■ The task ■
Word for word, retype the lines from the one containing "فستان طويل ب" to the one containing "道路からは後ろ姿しか見えなか" below, keeping both end lines and dropping the pictures.

■ Data records ■
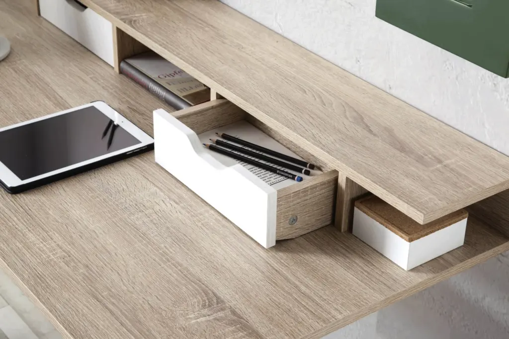 Escritorio en melamina roble con patas en madera lacadas en blanco. Esta pieza ofrece un amplio área de trabajo, además de dos cajones y un pequeño estante elevado en el frente. Practicidad y elegancia fusionados en un solo elemento.
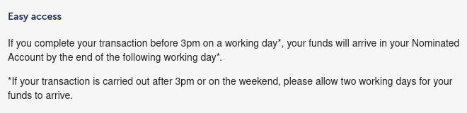 Is it identical to Shawbrook - in that if requested by 2pm today, it'll be in nominated account the next working day?
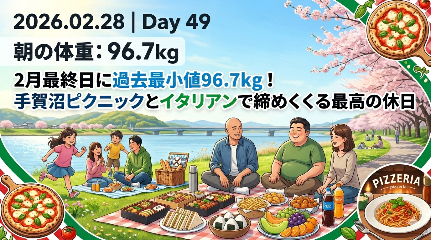 【2026.02.28|Day 49】2月最終日に過去最小値96.7kg!手賀沼ピクニックとイタリアンで締めくくる最高の休日
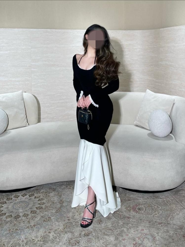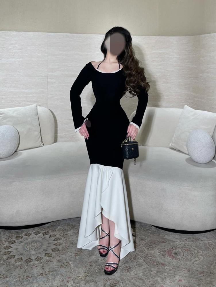 فستان طويل ب اكمام طويله مزينه بكلفه دانتيل لون اسود وابيض بقماش الكريب الاسترتش والتفتة الباربي
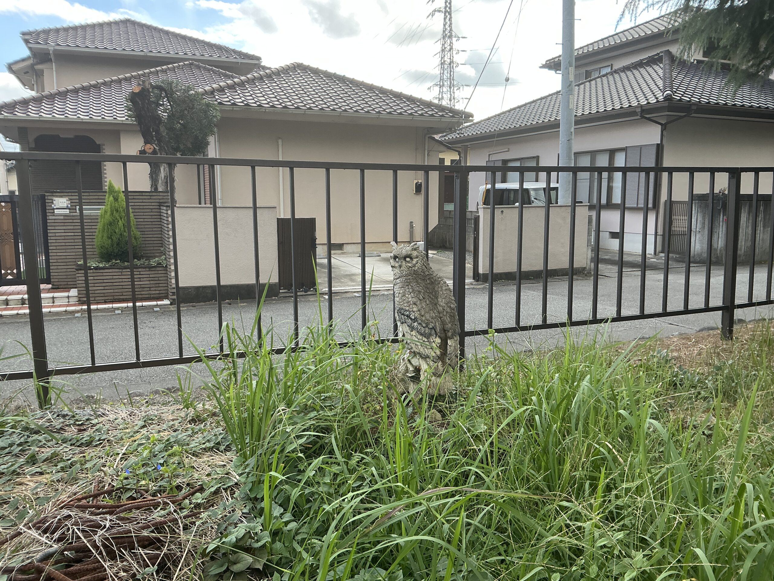 道路からは後ろ姿しか見えなかったため、正面に回ってみると、それがミミズクであることが分かりました。逃げないようにゆっくり近づいてみると、木彫りのミミズクではありませんか。本物だと思っていたので、少しがっかりしたのを覚えています。
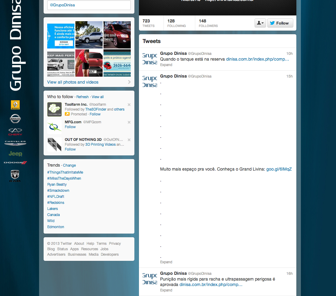 This professional campaign titled 'Spacious Tweet' was published in Brazil in April, 2013. It was created for the brand: Nissan, by ad agency: PS10. This Digital medium campaign is related to the Automotive and Personal Transportation industry and contains 1 media asset. It was submitted over 12 years ago.

■ Exercise output ■
 فستان طويل ب اكمام طويله مزينه بكلفه دانتيل لون اسود وابيض بقماش الكريب الاسترتش والتفتة الباربي
 道路からは後ろ姿しか見えなかったため、正面に回ってみると、それがミミズクであることが分かりました。逃げないようにゆっくり近づいてみると、木彫りのミミズクではありませんか。本物だと思っていたので、少しがっかりしたのを覚えています。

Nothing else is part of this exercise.